DATA BELOW: Begin

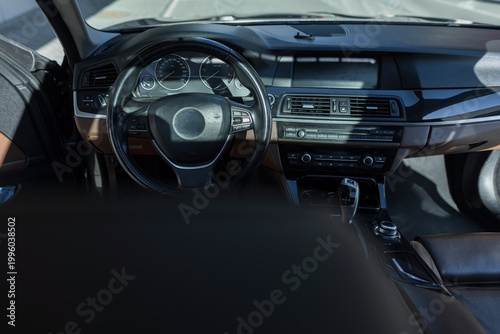 Obraz premium The interior of a premium car features a leather interior with a dashboard and a multi-function steering wheel. Taxi driver. Auto
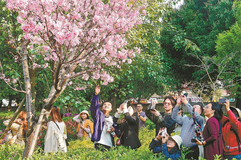 眼下,春暖花开、万物复苏,正是踏青赏景好时节,人们走出家门,乐享春日时光。图为24日,游客在泉州开元寺踏青赏花、拍照。(通讯员 林升 摄)
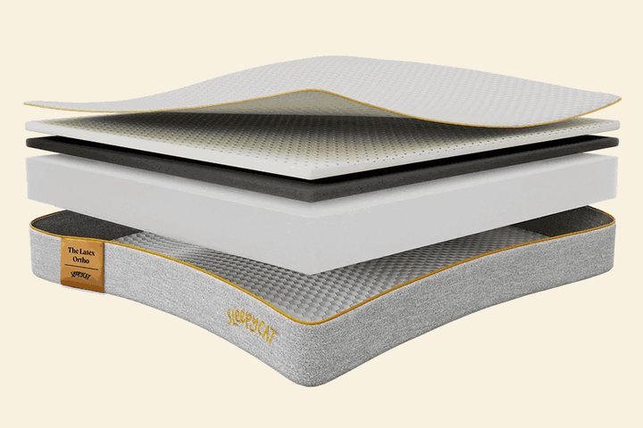 A firm orthopedic mattress with responsive latex and breathable foam layers. It is built to support your spine without trapping heat or losing shape over time.
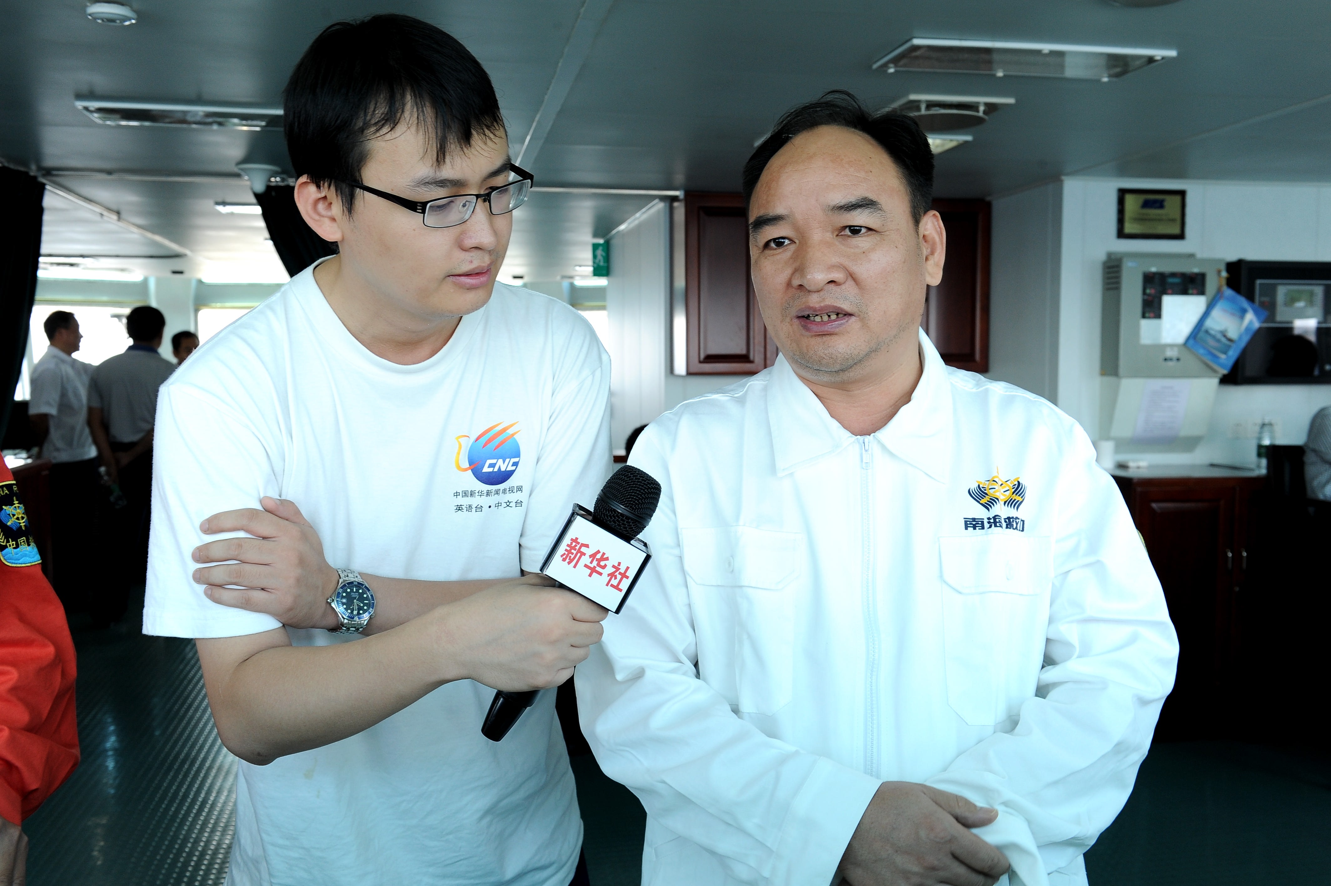 记者们刚吃过早餐,就迫不及待聚集在船舶驾驶室,镜头和话筒对准的是我们的明星船长彭建波。熟悉彭船长的人都知道,他是一从来默默苦干、不擅言辞的“沉默好人”。然而,恰恰是彭船长这份对救助工作的专注和熟练操船的魄力深深的吸引了记者们的目光。只见彭船长一边游刃有余操着舵机,不时用望远镜瞭望远方,一边有条不紊回答着记者连珠炮般的发问,丝毫没有半点不适。

DATA BELOW: End

_PROBLEM TO WORK ON_. Your answer must reproduce exactly the lines from the line with "A firm orthopedic" through the end of the material, both ends included, with every picture dropped.

_RESULT OF THE TASK_.
 A firm orthopedic mattress with responsive latex and breathable foam layers. It is built to support your spine without trapping heat or losing shape over time.
 记者们刚吃过早餐,就迫不及待聚集在船舶驾驶室,镜头和话筒对准的是我们的明星船长彭建波。熟悉彭船长的人都知道,他是一从来默默苦干、不擅言辞的“沉默好人”。然而,恰恰是彭船长这份对救助工作的专注和熟练操船的魄力深深的吸引了记者们的目光。只见彭船长一边游刃有余操着舵机,不时用望远镜瞭望远方,一边有条不紊回答着记者连珠炮般的发问,丝毫没有半点不适。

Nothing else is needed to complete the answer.